__WORK ORDER__:
With the pictures left out, restate exactly the part below that opens with the line containing "Elisa is a three-quarters" and closes with the line containing "Location of stations".

__EXERCISE DATA__:

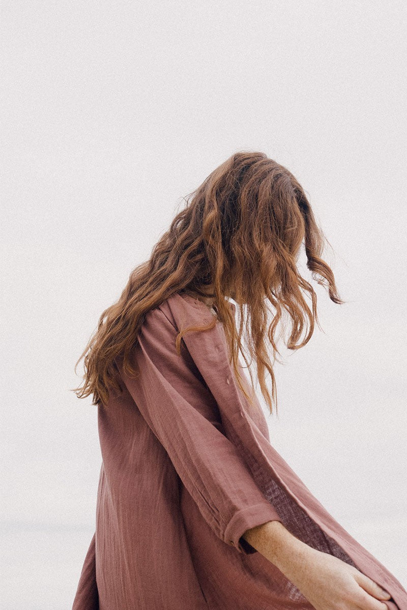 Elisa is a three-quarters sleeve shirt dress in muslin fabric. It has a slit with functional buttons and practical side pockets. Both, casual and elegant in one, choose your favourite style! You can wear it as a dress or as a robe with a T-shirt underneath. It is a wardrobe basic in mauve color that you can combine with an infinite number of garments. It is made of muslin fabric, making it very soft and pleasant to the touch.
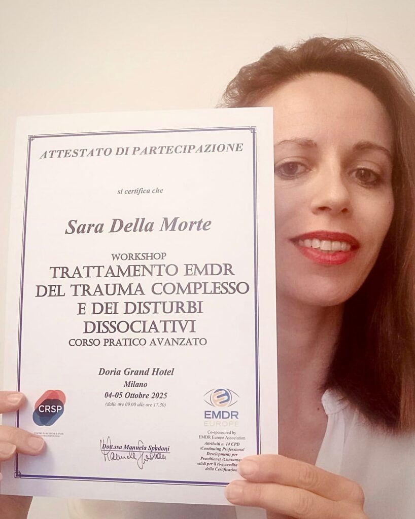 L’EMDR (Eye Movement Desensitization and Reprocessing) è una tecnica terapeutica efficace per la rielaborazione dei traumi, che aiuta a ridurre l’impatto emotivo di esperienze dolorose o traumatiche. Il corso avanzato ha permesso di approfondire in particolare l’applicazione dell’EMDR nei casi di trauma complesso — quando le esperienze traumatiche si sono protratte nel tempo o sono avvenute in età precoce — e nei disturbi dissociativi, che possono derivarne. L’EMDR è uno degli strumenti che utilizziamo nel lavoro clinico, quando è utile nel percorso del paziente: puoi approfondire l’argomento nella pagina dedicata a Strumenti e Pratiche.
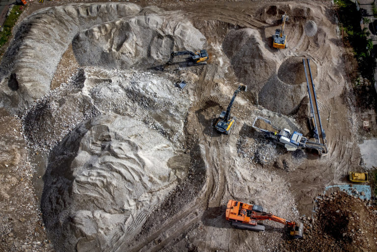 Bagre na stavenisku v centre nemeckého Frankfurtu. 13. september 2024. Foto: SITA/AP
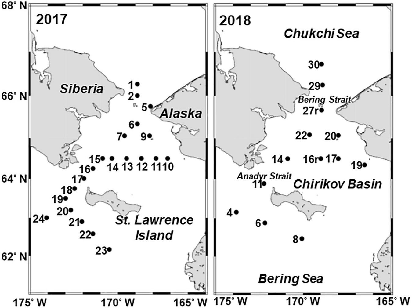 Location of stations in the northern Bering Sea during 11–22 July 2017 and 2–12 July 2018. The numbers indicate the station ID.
--
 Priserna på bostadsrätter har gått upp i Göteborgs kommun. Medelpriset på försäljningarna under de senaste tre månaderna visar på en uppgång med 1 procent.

__ANSWER SPACE__:
 Elisa is a three-quarters sleeve shirt dress in muslin fabric. It has a slit with functional buttons and practical side pockets. Both, casual and elegant in one, choose your favourite style! You can wear it as a dress or as a robe with a T-shirt underneath. It is a wardrobe basic in mauve color that you can combine with an infinite number of garments. It is made of muslin fabric, making it very soft and pleasant to the touch.
 L’EMDR (Eye Movement Desensitization and Reprocessing) è una tecnica terapeutica efficace per la rielaborazione dei traumi, che aiuta a ridurre l’impatto emotivo di esperienze dolorose o traumatiche. Il corso avanzato ha permesso di approfondire in particolare l’applicazione dell’EMDR nei casi di trauma complesso — quando le esperienze traumatiche si sono protratte nel tempo o sono avvenute in età precoce — e nei disturbi dissociativi, che possono derivarne. L’EMDR è uno degli strumenti che utilizziamo nel lavoro clinico, quando è utile nel percorso del paziente: puoi approfondire l’argomento nella pagina dedicata a Strumenti e Pratiche.
 Bagre na stavenisku v centre nemeckého Frankfurtu. 13. september 2024. Foto: SITA/AP
 Location of stations in the northern Bering Sea during 11–22 July 2017 and 2–12 July 2018. The numbers indicate the station ID.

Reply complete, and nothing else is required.